Конечно, тогда, в начале восьмидесятых в СССР, даже у нас в ИЭМСС, в академических институтах подобная публичная, критическая, переоценка марксизма в отличие от Польши, была связана с определенным риском. Я, правда, попытался у нас в Отделе политических и идеологических проблем весной 1981 года на очередном семинаре показать, что на самом деле марксизм был рецидивом лапласовского детерминизма, что идеал коммунизма зиждется на философии единообразия. Конечно, при этом я несколько раз подчеркивал, что в своем исследовании картинки коммунизма, оставленной нам Карлом Марксом, я руководствуюсь принципом материалистической практики. Как всегда, в этой ситуации спасал положение Фридрих Энгельс, который сам в конце жизни своими «неортодоксальными» высказываниями открыл свет ревизионистам.

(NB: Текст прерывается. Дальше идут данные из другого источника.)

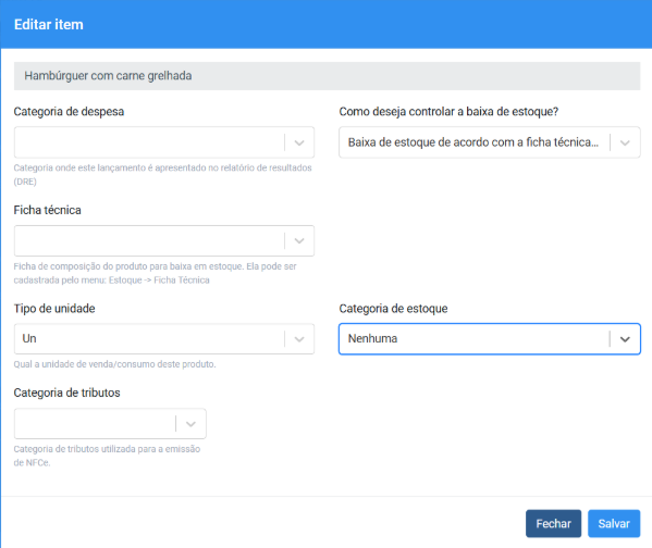 Todos os itens do cardápio iniciam como um “Produto de Venda“, ou seja, não têm controle de estoque. Para que seja possível controlar o estoque de algum item, é necessário adicionar uma categoria de estoque e a como deseja controlar a ele.

Интересно, что тогда, в 1981 году, мой ревизионистский пыл не поддержал не только наш шеф, профессор Анатолий Павлович Бутенко (хотя сам он себя считал последователем так называемого «творческого марксизма»), но и наши отдельские «революционеры», Дима Фельдман и Павел Кандель. Правда, они воспротивились моим идеям уже по другим соображениям. Им казалось, что я недооцениваю провидческий дар такой «глыбы», как Карл Маркс. И только когда началась перестройка, в 1986 году, я с помощью главного редактора журнала «Социологические исследования» опубликовал свои размышления о пороках так называемой философии единообразия. Понятно, что вместо слова «марксизм» я использовал понятие «догматический марксизм» и направил политическое острие своей атаки против противников Горбачева и его перестройки, которая оценивалась, как проявление «творческого марксизма».
И я не думаю, что Восточная Европа и прежде всего Польша освобождались от коммунизма, от господствующей марксистско-ленинской идеологии быстрее, чем мы, по причине их интеллектуального превосходства. Социологи там были сильнее, чем у нас, к примеру, мой научный руководитель по докторской диссертации Ян Щепаньский имел европейское имя. Он, кстати, был однокурсником кардинала Войтылы по учебе в Краковском университете и сохранил с ним дружеские отношения, когда тот стал Папой Римским. О содержании своих бесед по субботам в Ватикане со своим другом, страдающим от одиночества Папой, Ян Щепаньский рассказывал мне по вторникам в своем кабинете в Сейме. Так это было. И продолжалось с января по март 1979 года. Потом кардинал Войтыла оклемался в Ватикане и перестал звать своего бывшего однокурсника для душеспасительных бесед.
Польские социологи были сильнее, чем советские, просто потому, что там, в отличие от нас, не было разрыва преемственности со старыми, довоенными научными школами. Но, честно говоря, таких ярких, одаренных философов, как Олег Дробницкий, Генрих Батищев, Пиана Гайденко, в мою бытность в Польше среди сотрудников института не было.
В Польше быстрее уходили от «господствующей идеологии» по той простой причине, что она не пустила там глубокие корни и, самое главное, в социалистической Польше голос практики имел куда больше прав, чем в СССР, в коммунистической России.
§ 3. 1980 год. Польский прорыв к здравому смыслу
Поляки освобождались от «господствующей марксистско-ленинской идеологии» быстрее, чем мы, по той простой причине, что там с самого начала новой, социалистической истории механизмы страха, механизмы насильственного принуждения к советским образцам организации производства и общественной жизни были слабее, чем у нас. И совсем уж свободными почувствовали себя польские интеллектуалы после победы «Солидарности» в начале сентября 1980 года. Сам по себе легальный, в открытой печати анализ причин массовых выступлений рабочих против власти вел к переосмыслению и самой «господствующей идеологии» и изначальных дефектов созданной на ее основе экономики.
Вместе с характерной для тех дней осени 1980 года реабилитацией простого человеческого реализма входила в повседневную жизнь и практика открытого, публичного обсуждения исходных, неразрешимых противоречий самого социализма.